Thursday 19 Oct 23 10:30am

Flood damage in Te Matau-a-Māui - Hawke’s Bay. Image by Rebekah Parsons-King, NIWA.


New Zealand authorities have declared a record 17 weather-related states of emergency so far this year, with insurance payments for climate-related disasters already topping $3.5 billion.

This is Aotearoa’s worst year ever for climate-related disasters, with more than twice the number of states of emergency than any other year, and insurance payouts totalling more than the combined total of the previous 14 years.

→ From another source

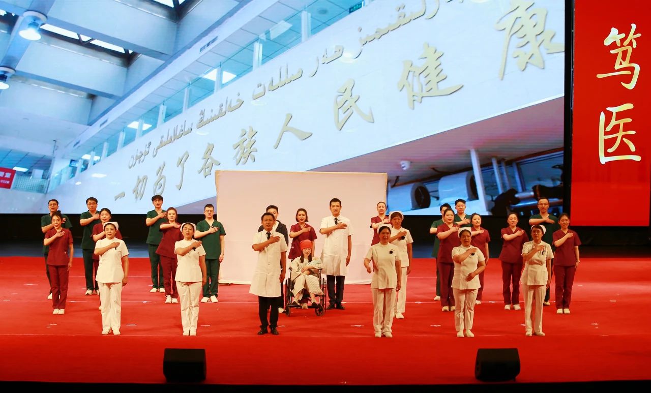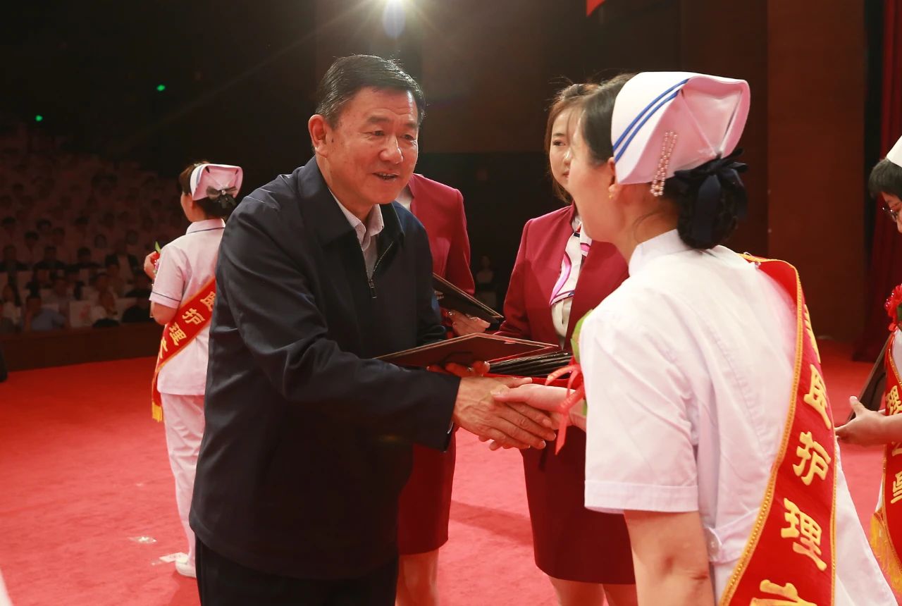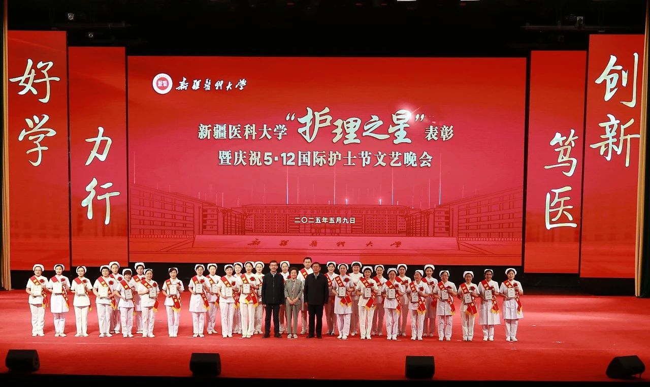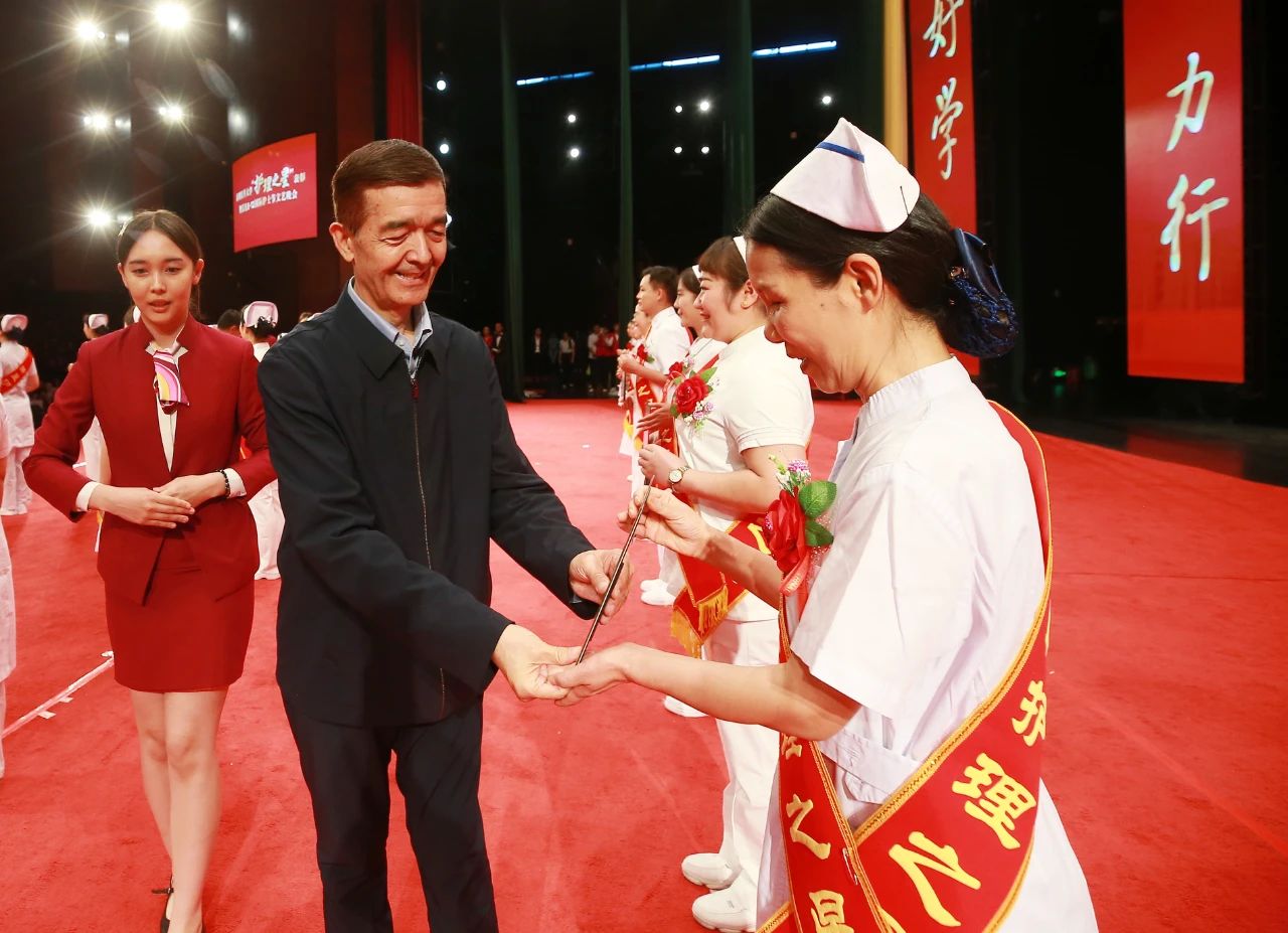 校党委书记柴林,校党委副书记、校长阿吉艾克拜尔·艾萨,第41届国际南丁格尔奖章获得者、新疆护理学会名誉理事长,第一附属医院(第一临床医学院)原护理部主任聂淑娟为获奖者颁发了“新医护理之星”荣誉证书。

Declaring a state of emergency is a critical part of New Zealand’s response to disasters, giving authorities extraordinary powers designed to deliver a swift and effective response.


IMAGE: Robert McLachlan

 

Eight of the emergency declarations were owing to Cyclone Gabrielle in February, with local emergencies declared in multiple regions, until a national state of emergency lasting 28 days was declared.


The South Island has seen only two states of emergency so far this year, with heavy rainfall and flooding in Gore and Queenstown in September, while the North Island has borne the brunt of multiple extreme weather events.

 

Northland, Auckland, Waikato, Bay of Plenty, Tairāwhiti and Hawke's Bay were hit the hardest by Cyclone Gabrielle, and Auckland, Tairāwhiti, and Waikato have also forced into states of emergency because of other severe weather events.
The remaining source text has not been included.